I decided recently (prompted by a viewing of The Palm Beach Story on TCM) that my goal in life is to be one-half of the madcap couple in a screwball comedy. For Christmas, my parents gave me a book that might help me achieve that: a genuine Prohibition-era cocktail-party guide.
(And of course, it was the perfect book to read on New Year's Eve. Happy New Year to all!)
Shake 'Em Up!: A Practical Handbook of Polite Drinking by Virginia Elliott
My rating: 3 of 5 stars
"Shake 'Em Up" is a book of cocktail recipes, party-giving tips, and hangover remedies, first published in the United States in 1930 -- when Prohibition was still the law of the land. Authors Virginia Elliott and Phil Stong even advise on what mixture of herbal extracts will give your bathtub gin the most authentic flavor, which got them in trouble with the U.S. Attorney for the Southern District of New York.
Truth be told, a lot of this book consists of recipes for cocktails and canapes that probably won't appeal to a modern palate, which is why I'm only giving it 3 stars. The recipe for a "dry" martini would be considered outrageously "wet" these days (two parts gin to one part vermouth), and the appetizers are mostly variations on "slice white bread, butter it, and put something salty-fatty-savory on top."

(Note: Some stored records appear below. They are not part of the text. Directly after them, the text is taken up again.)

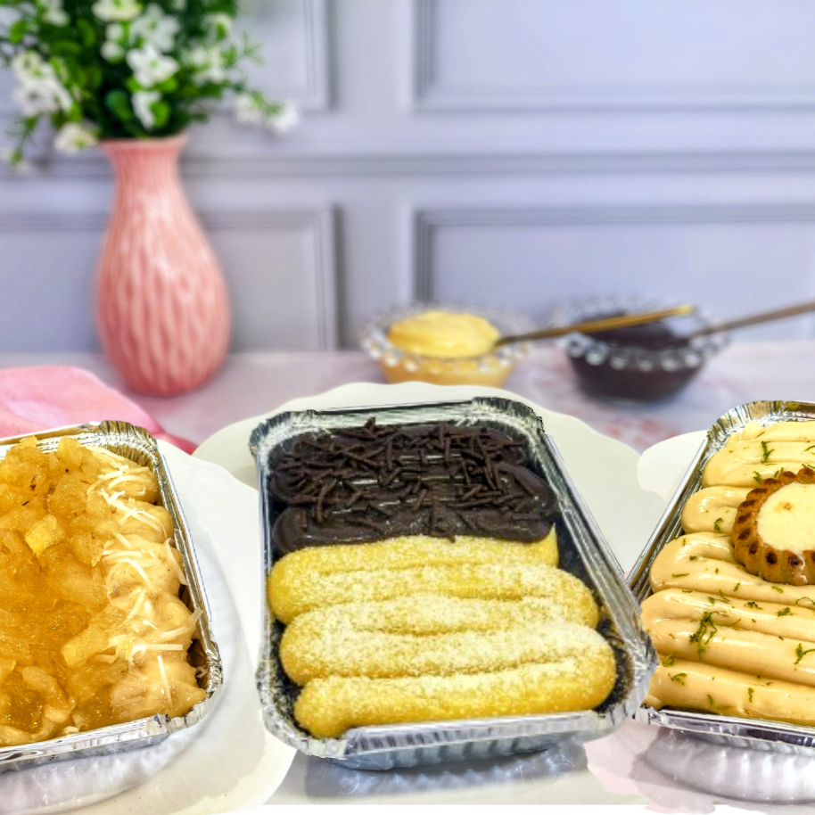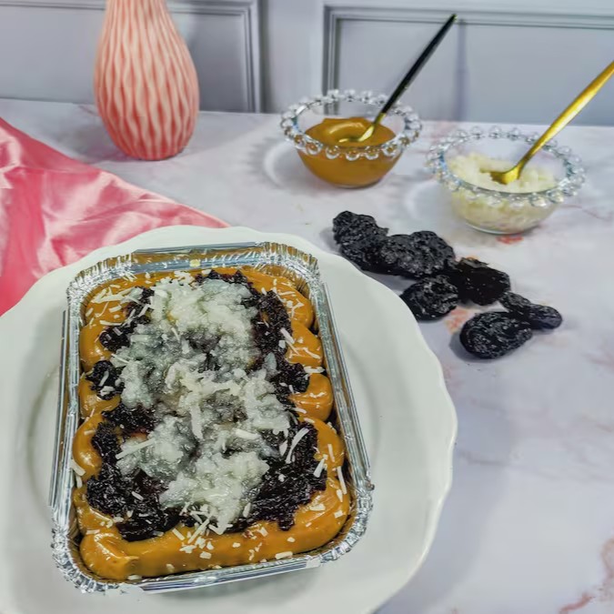 Aprox. 200g. Massa branca feita com iogurte natural, coberto com brigadeiro cremoso de doce de leite, doce de ameixa e cocada cremosa.
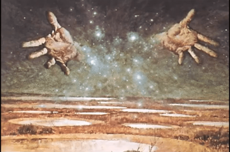 Ainsley Roberts’ ( 1926 – 1993) painting of the Seven Sisters or Wiangaree (Pleiades) and water from space, from God.
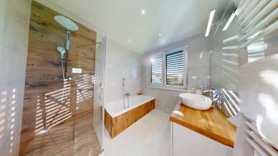 - ein Badezimmer mit Badewanne und Walk-In Dusche, Armaturen der Marke Hansgrohe
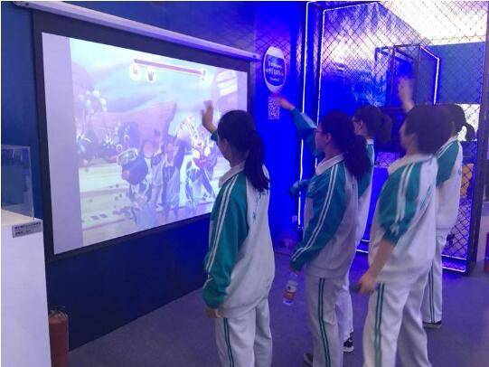在賽未來(lái)Sciwill投影屏幕前,我們看到,來(lái)自首都師范大學(xué)附屬中學(xué)的同學(xué)們,三五成群,蹦蹦跳跳,手舞足蹈,歡樂(lè)嗨皮中還連聲不斷地發(fā)出驚嘆聲:“好神奇啊”。
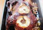 Moja kaczka ważyła prawie 3 kg, więc przypraw dużo więcej dodałam ( i dodatkowo tymianek), leżała sobie w przyprawach całą noc. Jabłka posypałam majerankiem, włożyłam je do wnętrza tuszki i całą kaczkę włożyłam do rękawa (nie zmieściła mi się do naczynia żaroodpornego
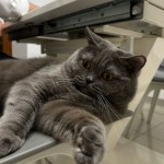 Leonek, kocur rasy brytyjskiej krótkowłosej, o szaroniebieskim futerku i bursztynowych oczach. Przyjazny, ale może być ostrożny wobec obcych
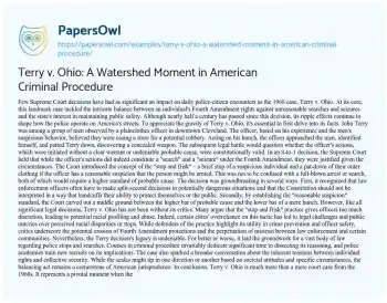 Terry v. Ohio: A Watershed Moment in American Criminal Procedure. (2023, Dec 04). Retrieved from https://hub.papersowl.com/examples/terry-v-ohio-a-watershed-moment-in-american-criminal-procedure/
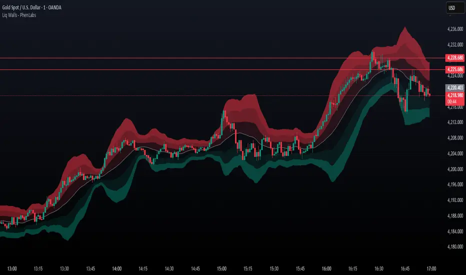 The SMC Statistical Liquidity Walls indicator is designed to visualize market volatility and potential reversal zones using advanced statistical modeling. Unlike traditional Bollinger Bands that use simple lines, this script utilizes an “Inverted Sigmoid” opacity function to create a “fog of war” effect. This visualizes the density of liquidity: the further price moves from the equilibrium (mean), the “harder” the liquidity wall becomes.
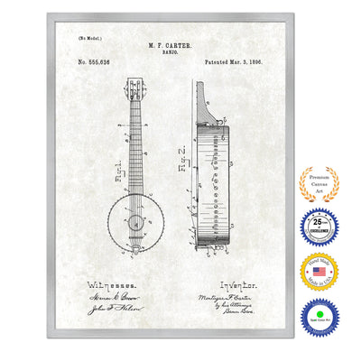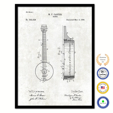 1896 Banjo Old Patent Art Print on Canvas Custom Framed Vintage Home Decor Wall Decoration Great for Gifts

Still, there's enough historical interest and insouciant 1930s wit to make this slim book worthwhile. For instance, to introduce their section on drinks for cocktail novices, the authors write "Tender young things, who have just been taken off stick candy, prefer complicated pink and creamy drinks which satisfy their beastly appetite for sweets and at the same time offer an agreeable sense of sinfulness. If you have any creme de menthe or creme de cocoa about the house, make them up some kind of a mess of it and push them under the piano to suck on it."
Civil disobedience has rarely been so cheerful or such good fun.